# Hey Cyrush - Pics of my Tractor



## Kevin2011 (May 8, 2011)

cyrush asked me for some pics of my tractor. I think it is a odd version of the 444. I have been doing some research following some suggestions that it may be a 3424. It appears that the 3424 production ended in 1968, so now I think it's a 444 as this resembles that the closest.



























Check out those linkage arms



















There is that notorius injector pump









And how about that racing sleek designed dash!









No PTO or 3 point hitch to slow this baby down!!









decent tires for the hard cornering


----------



## Hoodoo Valley (Nov 14, 2006)

Lookin' Good!


----------



## cyrush (Apr 20, 2010)

thanks for that,

Been off line for afew days as computer went belly up !!!!!

Difficult to know for sure exactly which industrial model it is bit ag base tractor is certainly 414 / 434 / 444 type.


----------



## farmertim (Dec 1, 2010)

I notice you have the ubiquitous vodka bottle next to the bucket and the cinder block. Good stuff!!!!!
:lmao:
Cheers
:aussie:


----------



## Thomas (Nov 1, 2006)

You'll be able to make some mighty high snow banks w/ole yellower.


----------



## Kevin2011 (May 8, 2011)

Your welcome Cyrush 

Vodka, thats funny. Its really some horse fly spray. Probably has the same effect though.
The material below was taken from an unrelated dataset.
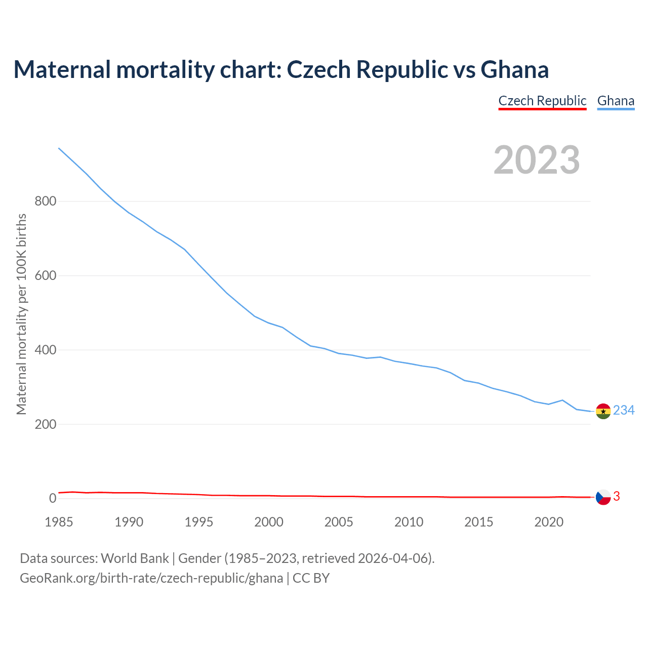 The maternal mortality rate, which is the probability of dying during childbirth or within 42 days of pregnancy termination, is 3 deaths per 100,000 live births in the Czech Republic, compared to 234 deaths in Ghana.

Ole yellar - I like it. It only snows a little around here. I only had to shovel my roof about 5 times last year. Snow banks only get to about 5 or 6 feet. but now it will be 10 or 12- hee hee - I can't wait!!


----------



## farmertim (Dec 1, 2010)

Yeah it's nice to have a good bucket to move things around with, the old tractors just seem to keep going if treated right.
Cheers
:aussie:


----------